## [Prompt]
Begin at the line below that has "Polinela, Rabu (24/12/2025).". Stop after the line that has "<B>Philippines</B></I> Culion Leper", repeating each line exactly and leaving out the pictures.

## [Data]
☆ ☆ ☆
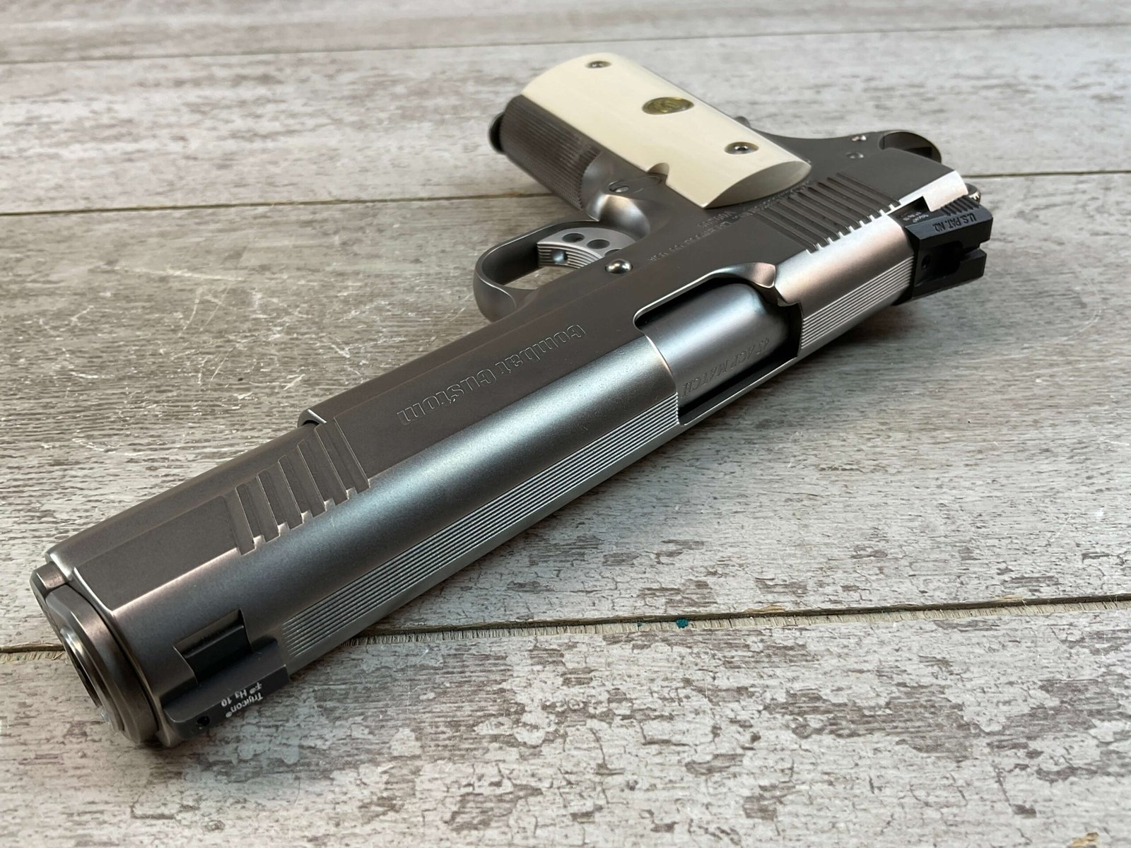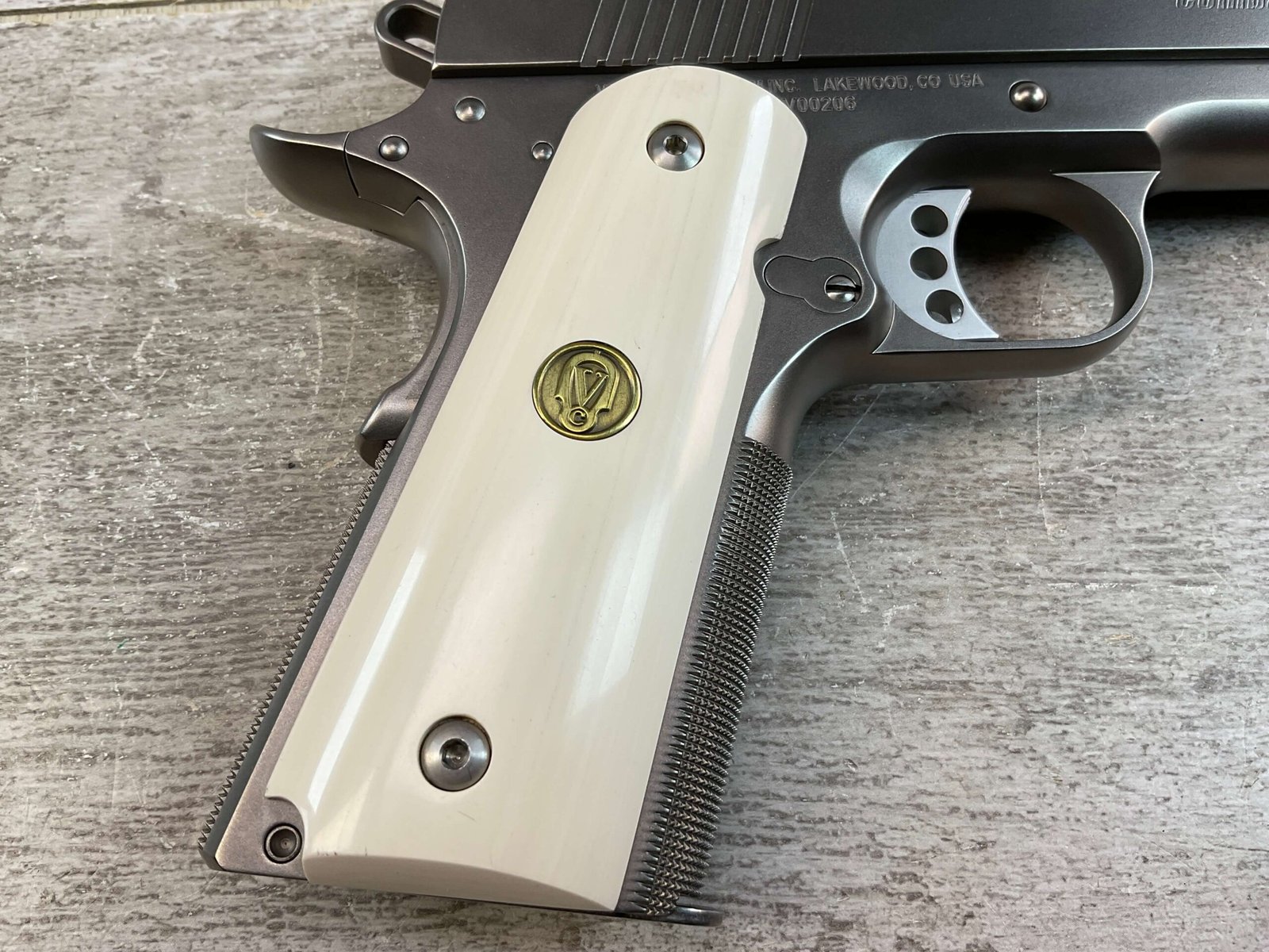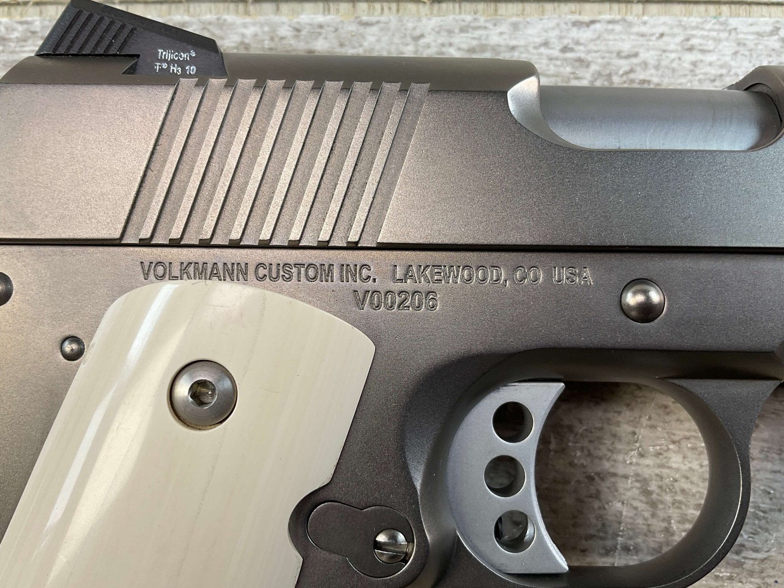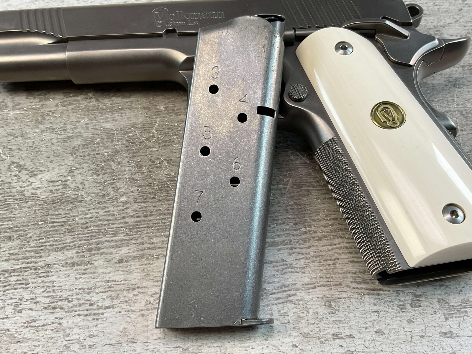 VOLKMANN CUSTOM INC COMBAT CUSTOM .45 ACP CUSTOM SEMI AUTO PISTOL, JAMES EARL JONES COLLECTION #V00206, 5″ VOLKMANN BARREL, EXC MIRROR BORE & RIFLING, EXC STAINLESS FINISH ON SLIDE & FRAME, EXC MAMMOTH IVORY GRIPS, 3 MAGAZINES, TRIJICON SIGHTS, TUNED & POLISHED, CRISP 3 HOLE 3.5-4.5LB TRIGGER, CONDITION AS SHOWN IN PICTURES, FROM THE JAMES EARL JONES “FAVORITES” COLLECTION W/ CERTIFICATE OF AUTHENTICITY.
☆ ☆ ☆
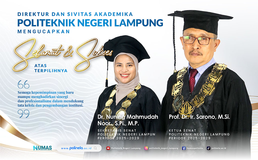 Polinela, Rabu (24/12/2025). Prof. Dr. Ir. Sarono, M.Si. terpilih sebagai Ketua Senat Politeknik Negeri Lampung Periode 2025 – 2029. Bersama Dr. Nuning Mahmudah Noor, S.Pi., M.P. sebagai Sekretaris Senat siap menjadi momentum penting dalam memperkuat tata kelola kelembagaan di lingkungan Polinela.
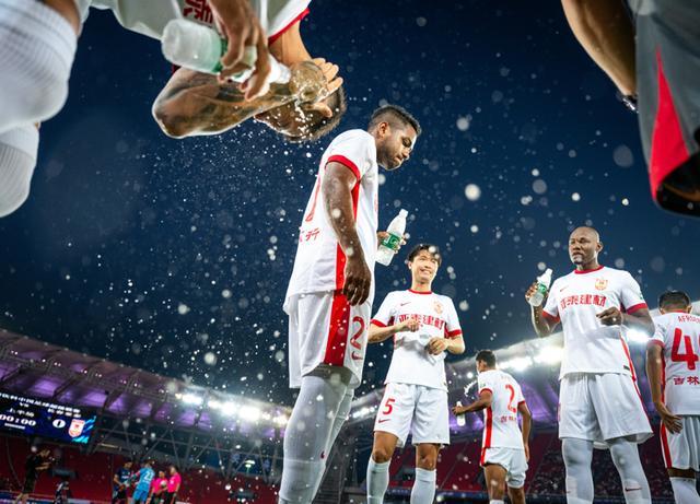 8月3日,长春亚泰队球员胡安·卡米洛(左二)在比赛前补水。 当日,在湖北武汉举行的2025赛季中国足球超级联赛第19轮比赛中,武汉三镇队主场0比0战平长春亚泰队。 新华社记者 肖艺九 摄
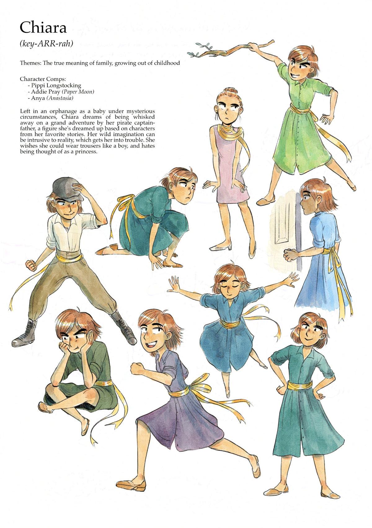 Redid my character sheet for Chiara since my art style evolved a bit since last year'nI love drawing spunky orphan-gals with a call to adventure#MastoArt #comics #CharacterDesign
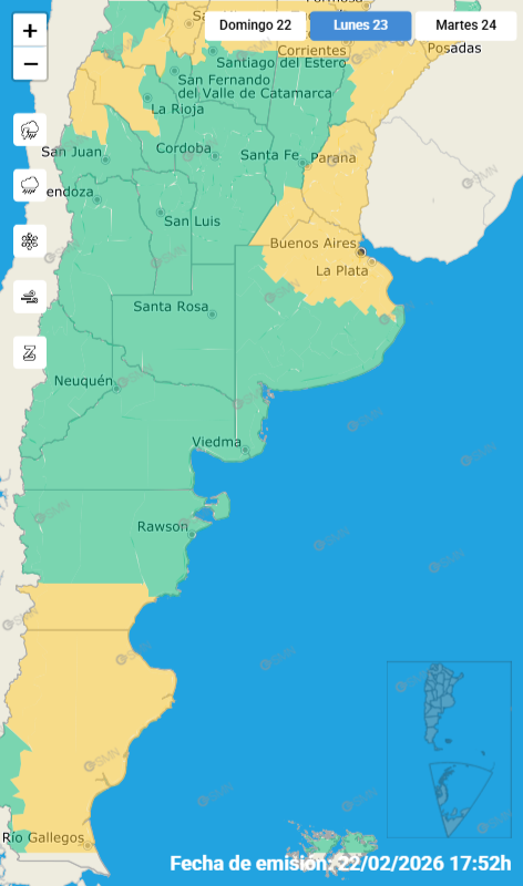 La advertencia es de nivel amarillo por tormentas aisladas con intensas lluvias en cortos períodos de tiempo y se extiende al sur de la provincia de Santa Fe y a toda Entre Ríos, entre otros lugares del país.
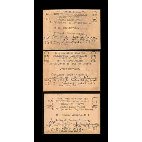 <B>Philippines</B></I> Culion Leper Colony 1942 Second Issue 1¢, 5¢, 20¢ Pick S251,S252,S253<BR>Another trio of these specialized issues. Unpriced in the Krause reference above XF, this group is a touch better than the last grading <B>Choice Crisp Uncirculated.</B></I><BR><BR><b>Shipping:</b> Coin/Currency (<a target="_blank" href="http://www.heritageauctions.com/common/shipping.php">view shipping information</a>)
☆ ☆ ☆
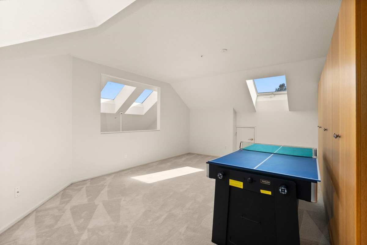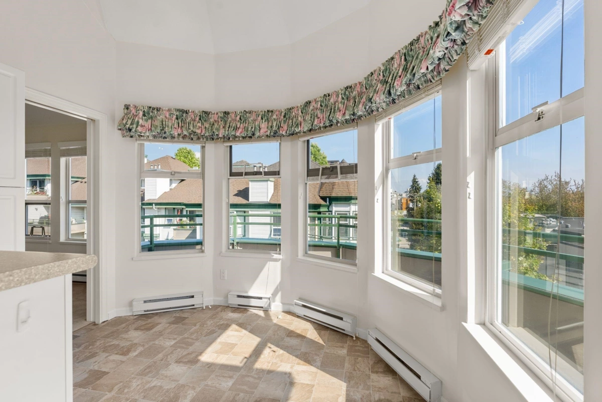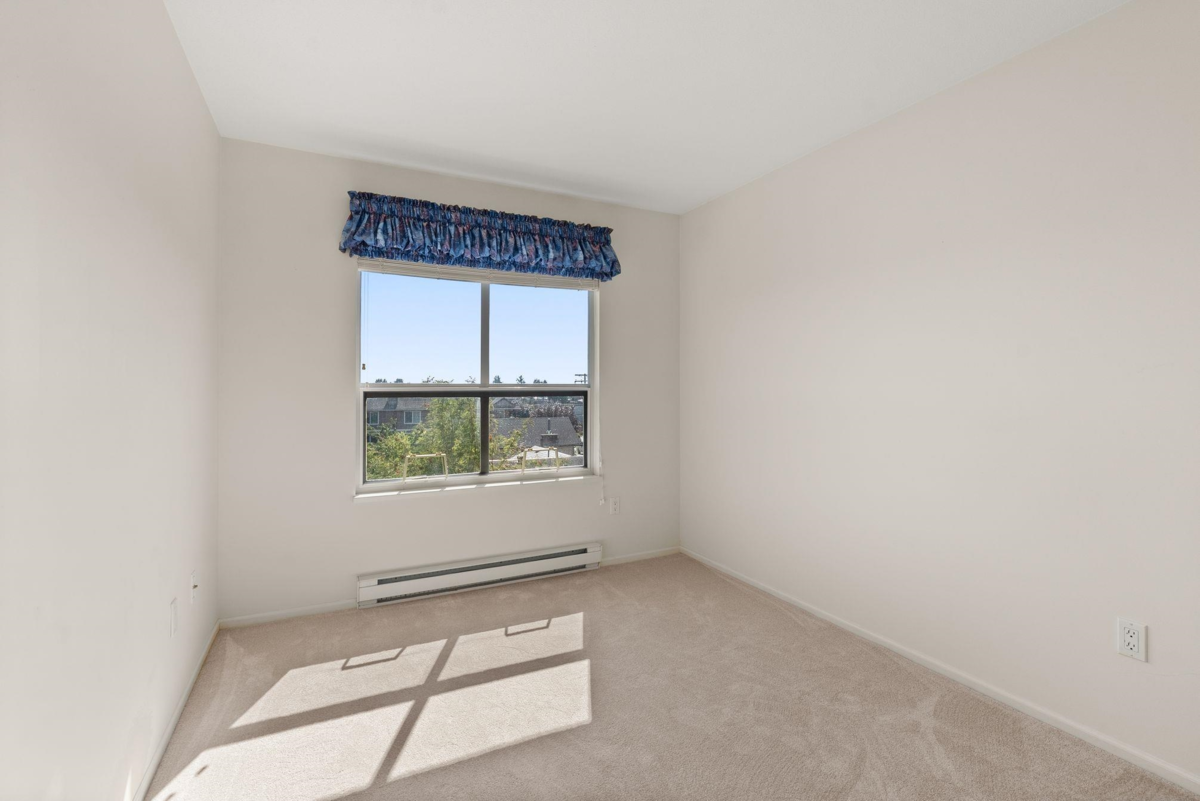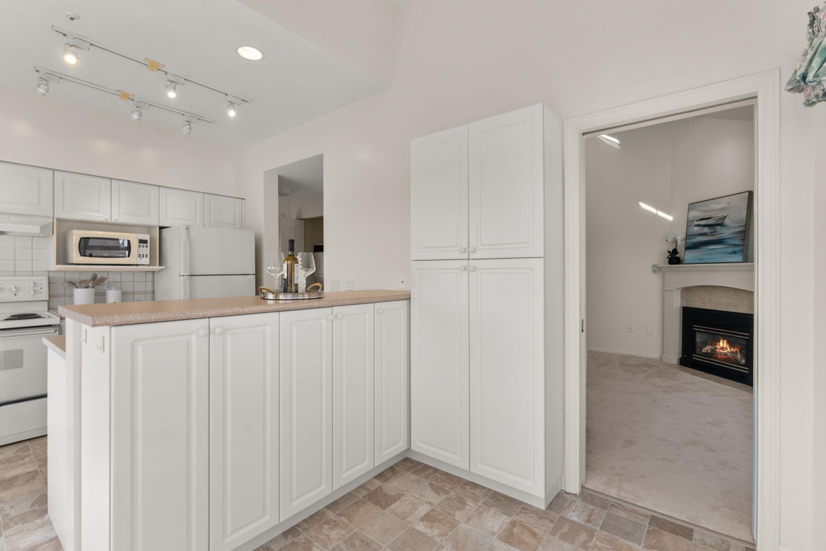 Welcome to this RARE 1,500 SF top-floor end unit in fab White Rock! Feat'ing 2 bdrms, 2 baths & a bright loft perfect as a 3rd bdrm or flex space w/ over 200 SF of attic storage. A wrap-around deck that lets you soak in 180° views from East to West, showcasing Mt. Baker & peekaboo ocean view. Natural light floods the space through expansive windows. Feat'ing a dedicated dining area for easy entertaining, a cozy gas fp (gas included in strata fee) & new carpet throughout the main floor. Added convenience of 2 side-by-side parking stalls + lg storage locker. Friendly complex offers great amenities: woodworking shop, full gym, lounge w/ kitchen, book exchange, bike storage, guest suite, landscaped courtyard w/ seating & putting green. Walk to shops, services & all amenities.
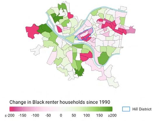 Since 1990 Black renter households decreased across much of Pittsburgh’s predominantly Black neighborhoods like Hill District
☆ ☆ ☆
## [Task result]
 Polinela, Rabu (24/12/2025). Prof. Dr. Ir. Sarono, M.Si. terpilih sebagai Ketua Senat Politeknik Negeri Lampung Periode 2025 – 2029. Bersama Dr. Nuning Mahmudah Noor, S.Pi., M.P. sebagai Sekretaris Senat siap menjadi momentum penting dalam memperkuat tata kelola kelembagaan di lingkungan Polinela.
 8月3日,长春亚泰队球员胡安·卡米洛(左二)在比赛前补水。 当日,在湖北武汉举行的2025赛季中国足球超级联赛第19轮比赛中,武汉三镇队主场0比0战平长春亚泰队。 新华社记者 肖艺九 摄
 Redid my character sheet for Chiara since my art style evolved a bit since last year'nI love drawing spunky orphan-gals with a call to adventure#MastoArt #comics #CharacterDesign
 La advertencia es de nivel amarillo por tormentas aisladas con intensas lluvias en cortos períodos de tiempo y se extiende al sur de la provincia de Santa Fe y a toda Entre Ríos, entre otros lugares del país.
 <B>Philippines</B></I> Culion Leper Colony 1942 Second Issue 1¢, 5¢, 20¢ Pick S251,S252,S253<BR>Another trio of these specialized issues. Unpriced in the Krause reference above XF, this group is a touch better than the last grading <B>Choice Crisp Uncirculated.</B></I><BR><BR><b>Shipping:</b> Coin/Currency (<a target="_blank" href="http://www.heritageauctions.com/common/shipping.php">view shipping information</a>)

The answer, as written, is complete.